# INPUT FOR THIS TASK
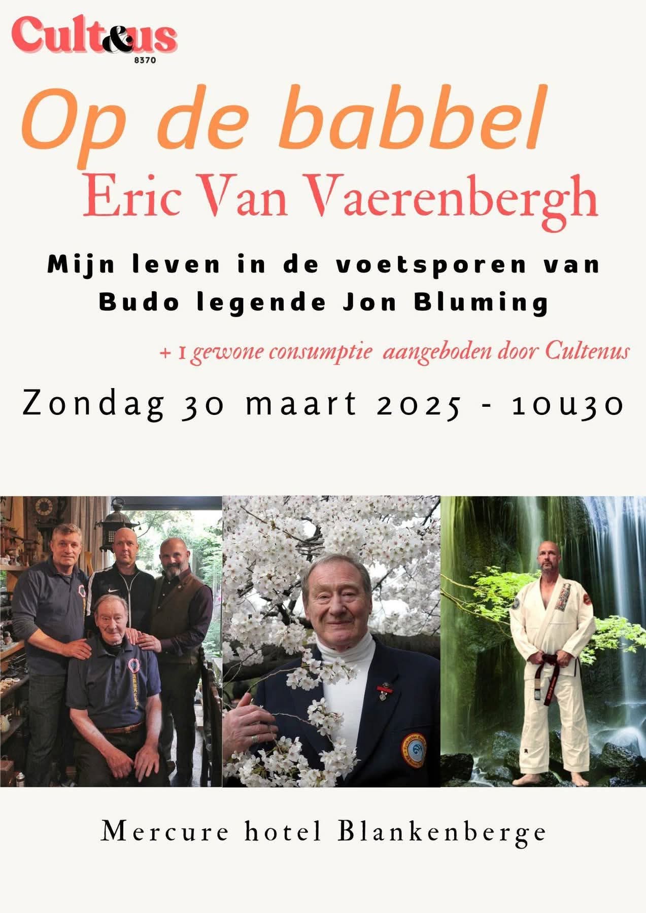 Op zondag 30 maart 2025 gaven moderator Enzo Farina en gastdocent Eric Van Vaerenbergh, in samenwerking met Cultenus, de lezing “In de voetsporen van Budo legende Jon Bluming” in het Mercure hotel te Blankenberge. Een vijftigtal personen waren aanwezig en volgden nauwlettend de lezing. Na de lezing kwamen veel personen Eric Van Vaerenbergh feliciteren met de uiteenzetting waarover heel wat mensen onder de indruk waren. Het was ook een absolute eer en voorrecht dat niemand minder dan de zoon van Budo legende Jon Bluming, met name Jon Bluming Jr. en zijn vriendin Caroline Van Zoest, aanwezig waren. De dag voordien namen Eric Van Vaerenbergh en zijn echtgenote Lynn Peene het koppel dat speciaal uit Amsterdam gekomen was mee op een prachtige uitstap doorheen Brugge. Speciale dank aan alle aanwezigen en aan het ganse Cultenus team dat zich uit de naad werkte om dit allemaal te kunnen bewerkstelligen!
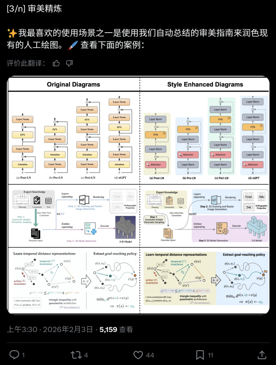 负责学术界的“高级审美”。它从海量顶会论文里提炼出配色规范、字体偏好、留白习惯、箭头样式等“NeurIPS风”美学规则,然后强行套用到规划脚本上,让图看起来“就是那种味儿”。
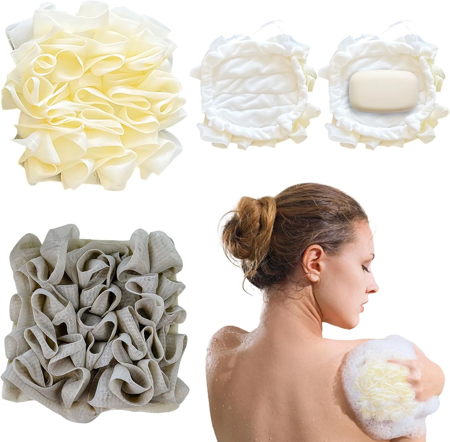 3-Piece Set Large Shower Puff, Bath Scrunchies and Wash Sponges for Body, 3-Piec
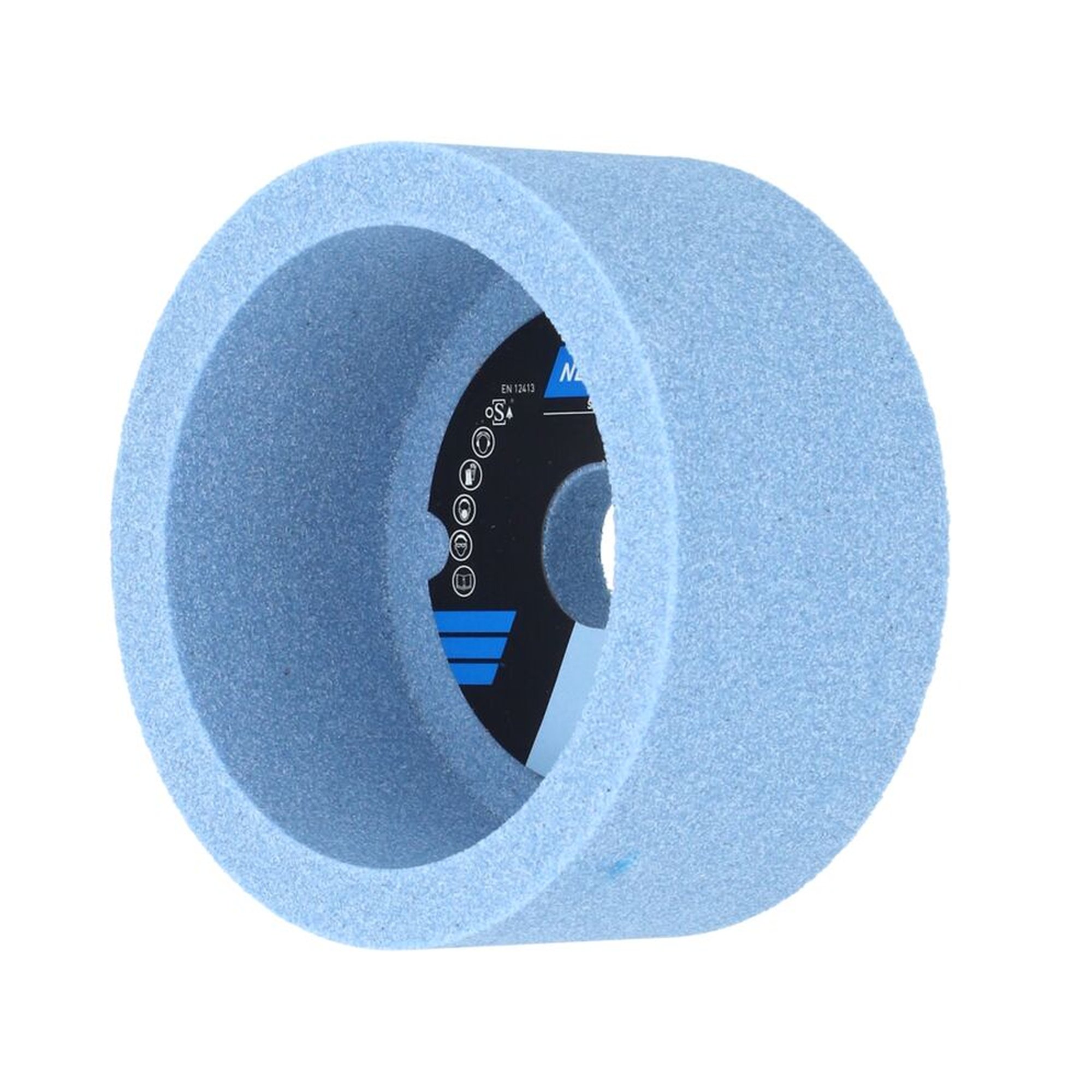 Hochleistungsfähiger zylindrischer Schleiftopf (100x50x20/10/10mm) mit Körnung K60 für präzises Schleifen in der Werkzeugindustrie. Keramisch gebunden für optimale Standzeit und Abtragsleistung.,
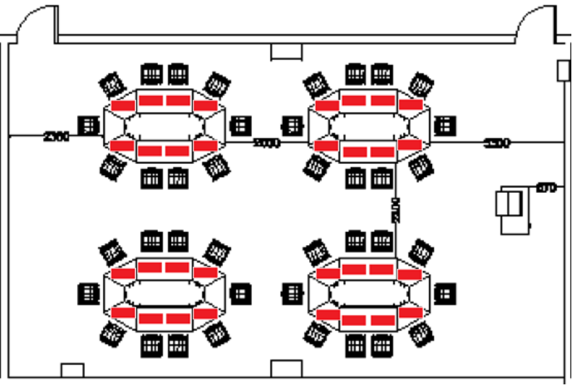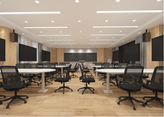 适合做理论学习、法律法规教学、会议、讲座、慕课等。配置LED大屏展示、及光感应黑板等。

# PROBLEM DESCRIPTION
Beginning with the line that contains "3-Piece Set Large" and ending with the last line of the data, transcribe each line exactly; pictures stay out.

# ANSWER SECTION
 3-Piece Set Large Shower Puff, Bath Scrunchies and Wash Sponges for Body, 3-Piec
 Hochleistungsfähiger zylindrischer Schleiftopf (100x50x20/10/10mm) mit Körnung K60 für präzises Schleifen in der Werkzeugindustrie. Keramisch gebunden für optimale Standzeit und Abtragsleistung.,
 适合做理论学习、法律法规教学、会议、讲座、慕课等。配置LED大屏展示、及光感应黑板等。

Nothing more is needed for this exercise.